### Data under study ###
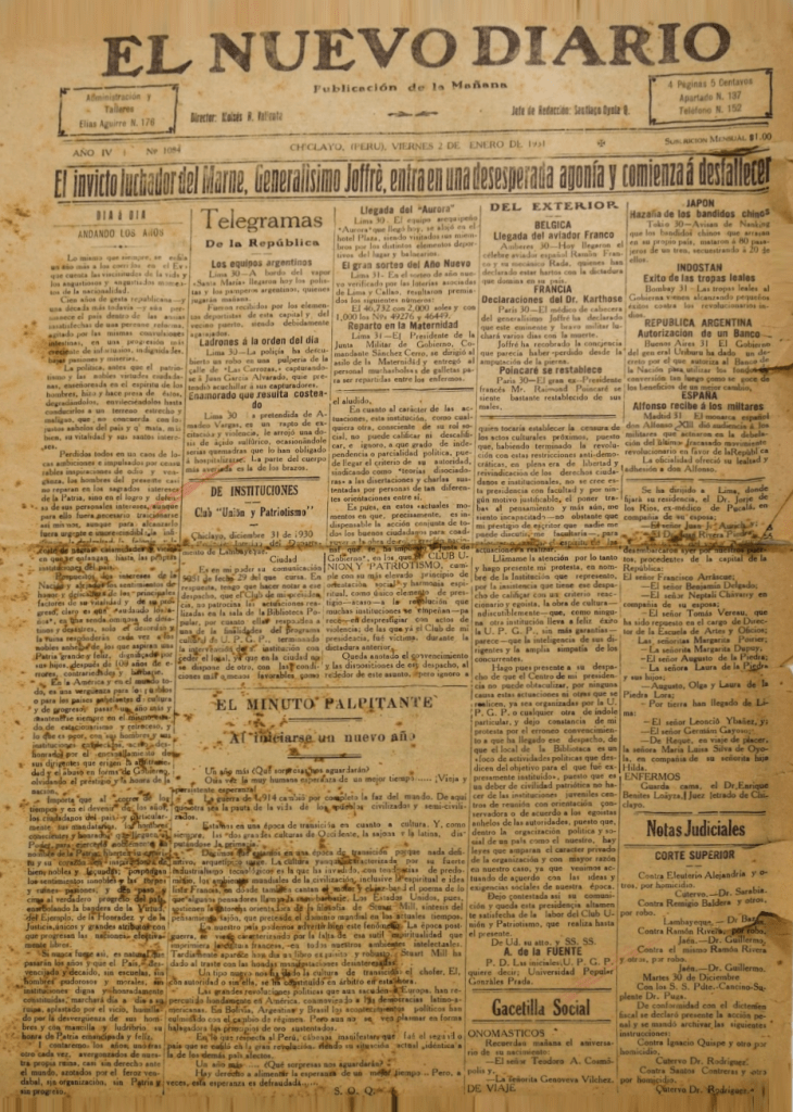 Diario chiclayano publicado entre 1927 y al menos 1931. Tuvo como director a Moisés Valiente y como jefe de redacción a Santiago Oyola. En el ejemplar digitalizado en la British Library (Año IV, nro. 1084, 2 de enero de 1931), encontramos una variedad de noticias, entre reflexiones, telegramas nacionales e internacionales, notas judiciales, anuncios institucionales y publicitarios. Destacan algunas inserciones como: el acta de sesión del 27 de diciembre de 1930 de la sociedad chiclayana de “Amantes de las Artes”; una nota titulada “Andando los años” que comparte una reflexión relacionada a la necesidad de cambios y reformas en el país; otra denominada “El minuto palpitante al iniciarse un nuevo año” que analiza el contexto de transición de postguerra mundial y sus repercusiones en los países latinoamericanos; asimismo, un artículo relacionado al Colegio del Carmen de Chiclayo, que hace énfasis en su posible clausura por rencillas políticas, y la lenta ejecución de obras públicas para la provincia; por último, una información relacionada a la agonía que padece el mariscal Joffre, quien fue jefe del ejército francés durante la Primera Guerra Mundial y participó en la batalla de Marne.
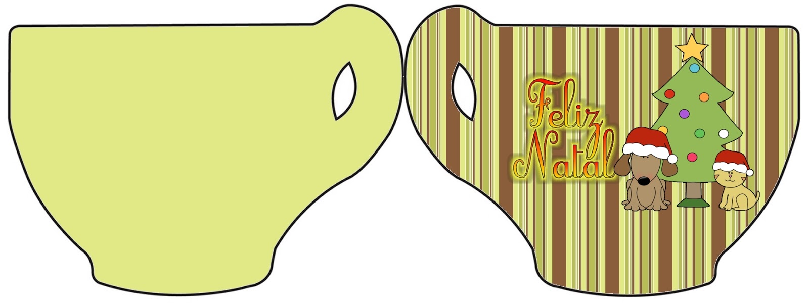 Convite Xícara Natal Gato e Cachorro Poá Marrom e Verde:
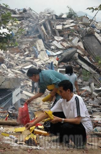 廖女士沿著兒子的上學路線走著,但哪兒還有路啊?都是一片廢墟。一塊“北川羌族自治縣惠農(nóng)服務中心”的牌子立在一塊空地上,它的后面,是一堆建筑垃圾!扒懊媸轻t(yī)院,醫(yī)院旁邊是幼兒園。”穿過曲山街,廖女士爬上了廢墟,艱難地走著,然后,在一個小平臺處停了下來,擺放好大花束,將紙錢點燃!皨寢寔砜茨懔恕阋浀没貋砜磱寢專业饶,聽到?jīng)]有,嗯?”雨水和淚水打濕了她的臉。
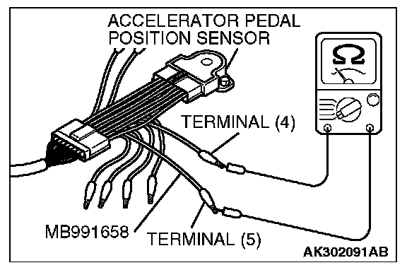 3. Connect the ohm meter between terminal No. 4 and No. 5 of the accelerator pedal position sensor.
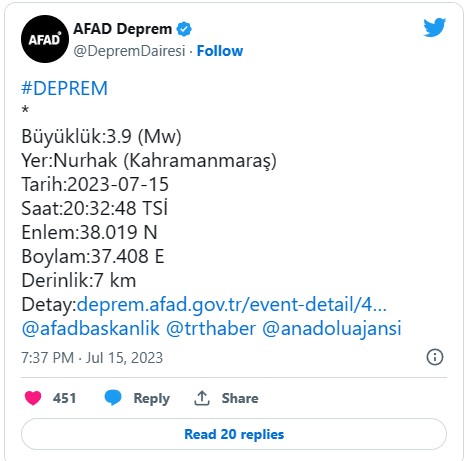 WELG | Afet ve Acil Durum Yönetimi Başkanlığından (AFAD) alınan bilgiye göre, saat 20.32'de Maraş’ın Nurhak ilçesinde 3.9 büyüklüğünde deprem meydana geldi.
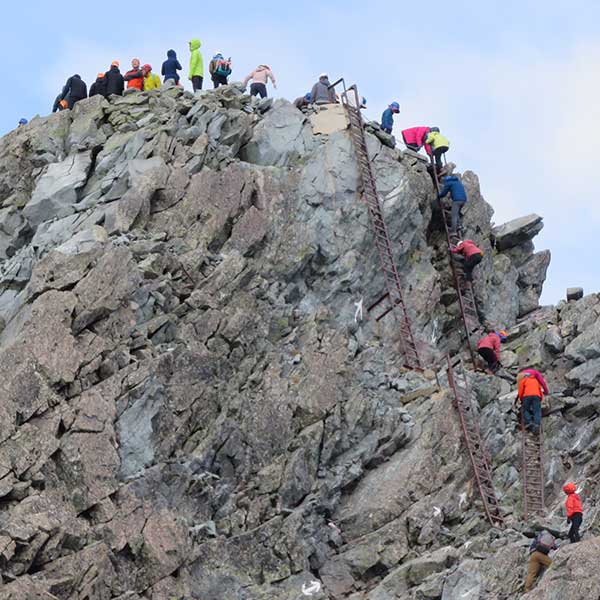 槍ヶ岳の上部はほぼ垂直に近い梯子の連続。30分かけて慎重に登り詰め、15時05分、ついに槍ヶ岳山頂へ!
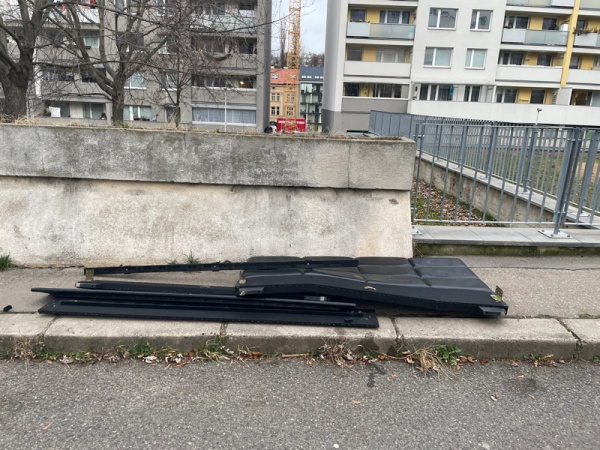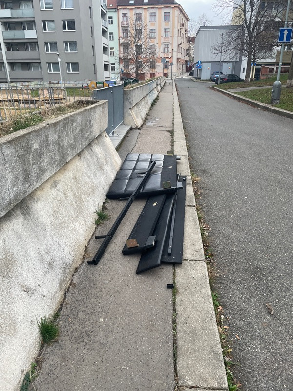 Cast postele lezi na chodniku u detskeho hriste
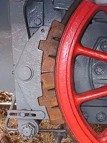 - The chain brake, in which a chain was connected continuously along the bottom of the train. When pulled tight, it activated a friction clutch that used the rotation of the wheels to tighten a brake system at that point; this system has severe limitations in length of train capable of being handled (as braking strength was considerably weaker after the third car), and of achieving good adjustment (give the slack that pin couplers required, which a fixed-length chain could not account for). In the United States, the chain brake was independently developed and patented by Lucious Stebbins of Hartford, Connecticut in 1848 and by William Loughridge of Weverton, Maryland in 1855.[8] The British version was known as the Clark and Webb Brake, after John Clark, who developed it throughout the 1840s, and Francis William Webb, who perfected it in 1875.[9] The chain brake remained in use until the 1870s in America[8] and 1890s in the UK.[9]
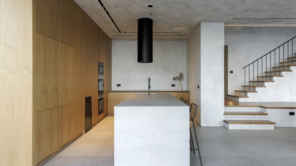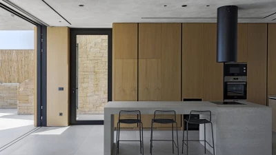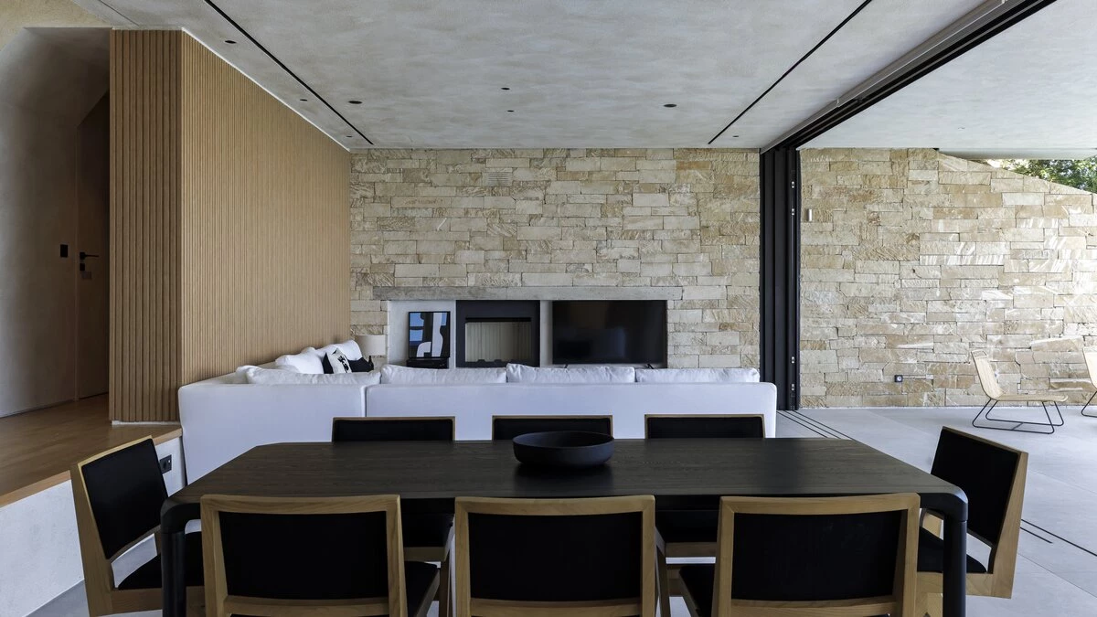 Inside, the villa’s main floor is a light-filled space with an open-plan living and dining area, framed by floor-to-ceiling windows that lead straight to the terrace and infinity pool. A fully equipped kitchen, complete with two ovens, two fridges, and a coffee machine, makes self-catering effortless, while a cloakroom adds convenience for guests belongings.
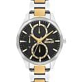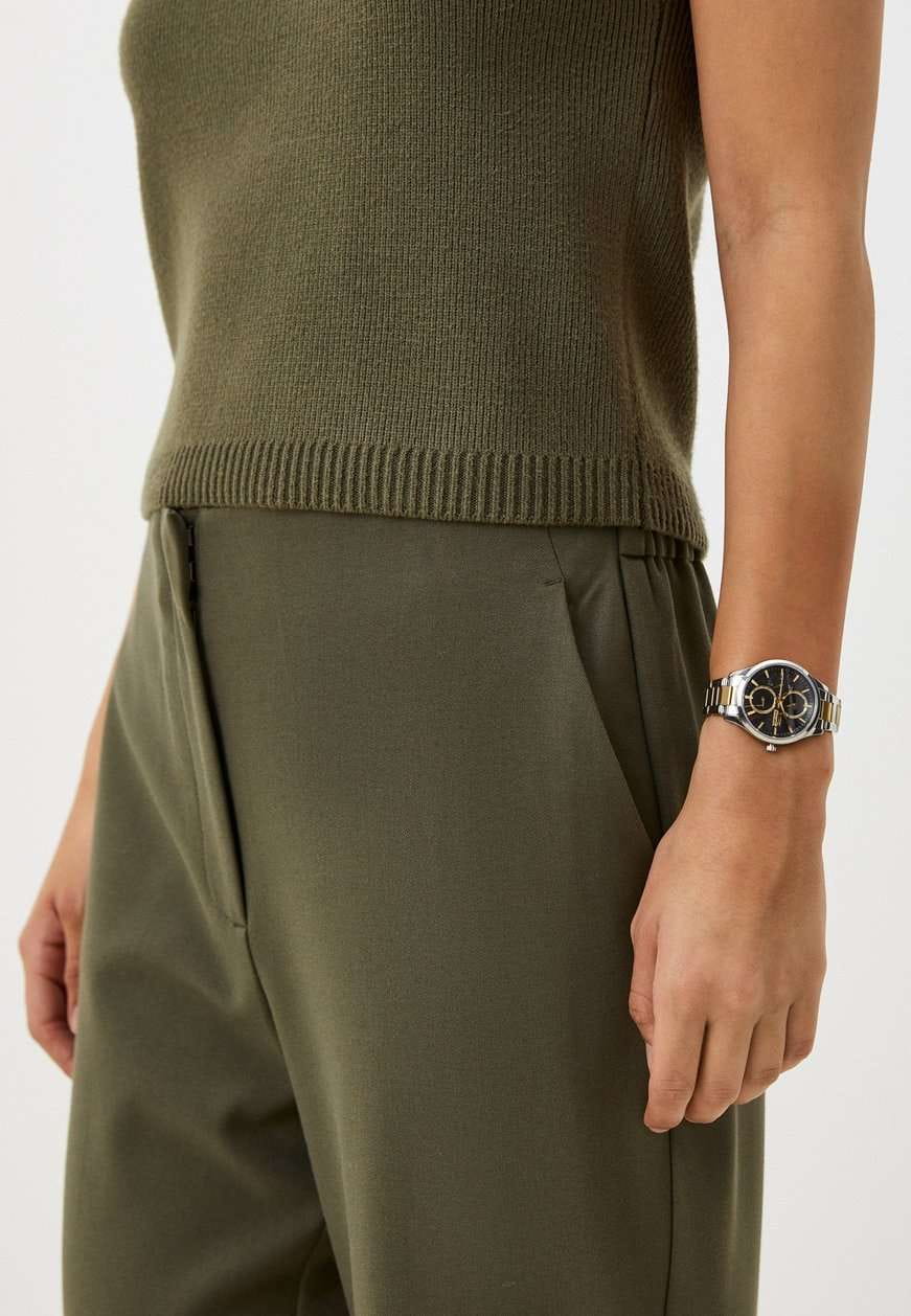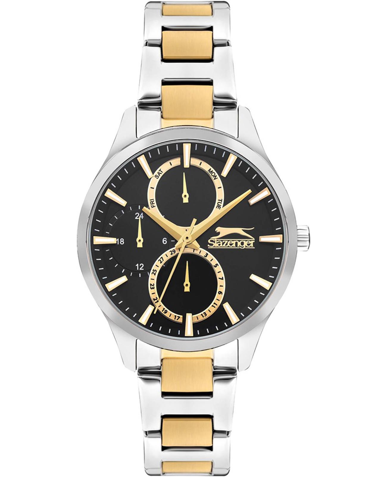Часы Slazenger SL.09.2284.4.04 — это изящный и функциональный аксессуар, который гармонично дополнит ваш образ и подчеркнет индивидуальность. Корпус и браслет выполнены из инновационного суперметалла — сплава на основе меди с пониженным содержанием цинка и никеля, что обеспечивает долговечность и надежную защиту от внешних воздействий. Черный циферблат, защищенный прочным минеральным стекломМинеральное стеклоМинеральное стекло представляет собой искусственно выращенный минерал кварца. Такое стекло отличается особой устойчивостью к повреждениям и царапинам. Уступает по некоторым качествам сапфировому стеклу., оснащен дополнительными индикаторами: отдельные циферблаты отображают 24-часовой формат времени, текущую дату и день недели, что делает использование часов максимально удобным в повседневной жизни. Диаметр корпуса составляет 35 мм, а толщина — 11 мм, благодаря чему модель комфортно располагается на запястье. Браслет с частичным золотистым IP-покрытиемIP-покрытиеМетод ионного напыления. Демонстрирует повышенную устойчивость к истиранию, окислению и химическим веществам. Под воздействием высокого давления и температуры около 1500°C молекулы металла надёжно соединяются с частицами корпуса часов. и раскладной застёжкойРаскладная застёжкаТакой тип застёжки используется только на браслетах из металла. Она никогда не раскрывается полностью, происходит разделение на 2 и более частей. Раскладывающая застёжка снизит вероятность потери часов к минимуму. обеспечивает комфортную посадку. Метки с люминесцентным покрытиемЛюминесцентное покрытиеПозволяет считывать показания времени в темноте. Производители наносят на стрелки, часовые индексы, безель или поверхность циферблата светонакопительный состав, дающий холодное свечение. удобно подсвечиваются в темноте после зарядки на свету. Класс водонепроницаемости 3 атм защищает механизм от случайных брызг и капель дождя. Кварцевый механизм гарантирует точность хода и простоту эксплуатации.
###
→ How to complete this task
The expected output is the full material above, unaltered, with pictures removed.

→ Solution to this task
 Diario chiclayano publicado entre 1927 y al menos 1931. Tuvo como director a Moisés Valiente y como jefe de redacción a Santiago Oyola. En el ejemplar digitalizado en la British Library (Año IV, nro. 1084, 2 de enero de 1931), encontramos una variedad de noticias, entre reflexiones, telegramas nacionales e internacionales, notas judiciales, anuncios institucionales y publicitarios. Destacan algunas inserciones como: el acta de sesión del 27 de diciembre de 1930 de la sociedad chiclayana de “Amantes de las Artes”; una nota titulada “Andando los años” que comparte una reflexión relacionada a la necesidad de cambios y reformas en el país; otra denominada “El minuto palpitante al iniciarse un nuevo año” que analiza el contexto de transición de postguerra mundial y sus repercusiones en los países latinoamericanos; asimismo, un artículo relacionado al Colegio del Carmen de Chiclayo, que hace énfasis en su posible clausura por rencillas políticas, y la lenta ejecución de obras públicas para la provincia; por último, una información relacionada a la agonía que padece el mariscal Joffre, quien fue jefe del ejército francés durante la Primera Guerra Mundial y participó en la batalla de Marne.
 Convite Xícara Natal Gato e Cachorro Poá Marrom e Verde:
 廖女士沿著兒子的上學路線走著,但哪兒還有路啊?都是一片廢墟。一塊“北川羌族自治縣惠農(nóng)服務中心”的牌子立在一塊空地上,它的后面,是一堆建筑垃圾!扒懊媸轻t(yī)院,醫(yī)院旁邊是幼兒園。”穿過曲山街,廖女士爬上了廢墟,艱難地走著,然后,在一個小平臺處停了下來,擺放好大花束,將紙錢點燃!皨寢寔砜茨懔恕阋浀没貋砜磱寢專业饶,聽到?jīng)]有,嗯?”雨水和淚水打濕了她的臉。
 3. Connect the ohm meter between terminal No. 4 and No. 5 of the accelerator pedal position sensor.
 WELG | Afet ve Acil Durum Yönetimi Başkanlığından (AFAD) alınan bilgiye göre, saat 20.32'de Maraş’ın Nurhak ilçesinde 3.9 büyüklüğünde deprem meydana geldi.
 槍ヶ岳の上部はほぼ垂直に近い梯子の連続。30分かけて慎重に登り詰め、15時05分、ついに槍ヶ岳山頂へ!
 Cast postele lezi na chodniku u detskeho hriste
 - The chain brake, in which a chain was connected continuously along the bottom of the train. When pulled tight, it activated a friction clutch that used the rotation of the wheels to tighten a brake system at that point; this system has severe limitations in length of train capable of being handled (as braking strength was considerably weaker after the third car), and of achieving good adjustment (give the slack that pin couplers required, which a fixed-length chain could not account for). In the United States, the chain brake was independently developed and patented by Lucious Stebbins of Hartford, Connecticut in 1848 and by William Loughridge of Weverton, Maryland in 1855.[8] The British version was known as the Clark and Webb Brake, after John Clark, who developed it throughout the 1840s, and Francis William Webb, who perfected it in 1875.[9] The chain brake remained in use until the 1870s in America[8] and 1890s in the UK.[9]
 Inside, the villa’s main floor is a light-filled space with an open-plan living and dining area, framed by floor-to-ceiling windows that lead straight to the terrace and infinity pool. A fully equipped kitchen, complete with two ovens, two fridges, and a coffee machine, makes self-catering effortless, while a cloakroom adds convenience for guests belongings.
Часы Slazenger SL.09.2284.4.04 — это изящный и функциональный аксессуар, который гармонично дополнит ваш образ и подчеркнет индивидуальность. Корпус и браслет выполнены из инновационного суперметалла — сплава на основе меди с пониженным содержанием цинка и никеля, что обеспечивает долговечность и надежную защиту от внешних воздействий. Черный циферблат, защищенный прочным минеральным стекломМинеральное стеклоМинеральное стекло представляет собой искусственно выращенный минерал кварца. Такое стекло отличается особой устойчивостью к повреждениям и царапинам. Уступает по некоторым качествам сапфировому стеклу., оснащен дополнительными индикаторами: отдельные циферблаты отображают 24-часовой формат времени, текущую дату и день недели, что делает использование часов максимально удобным в повседневной жизни. Диаметр корпуса составляет 35 мм, а толщина — 11 мм, благодаря чему модель комфортно располагается на запястье. Браслет с частичным золотистым IP-покрытиемIP-покрытиеМетод ионного напыления. Демонстрирует повышенную устойчивость к истиранию, окислению и химическим веществам. Под воздействием высокого давления и температуры около 1500°C молекулы металла надёжно соединяются с частицами корпуса часов. и раскладной застёжкойРаскладная застёжкаТакой тип застёжки используется только на браслетах из металла. Она никогда не раскрывается полностью, происходит разделение на 2 и более частей. Раскладывающая застёжка снизит вероятность потери часов к минимуму. обеспечивает комфортную посадку. Метки с люминесцентным покрытиемЛюминесцентное покрытиеПозволяет считывать показания времени в темноте. Производители наносят на стрелки, часовые индексы, безель или поверхность циферблата светонакопительный состав, дающий холодное свечение. удобно подсвечиваются в темноте после зарядки на свету. Класс водонепроницаемости 3 атм защищает механизм от случайных брызг и капель дождя. Кварцевый механизм гарантирует точность хода и простоту эксплуатации.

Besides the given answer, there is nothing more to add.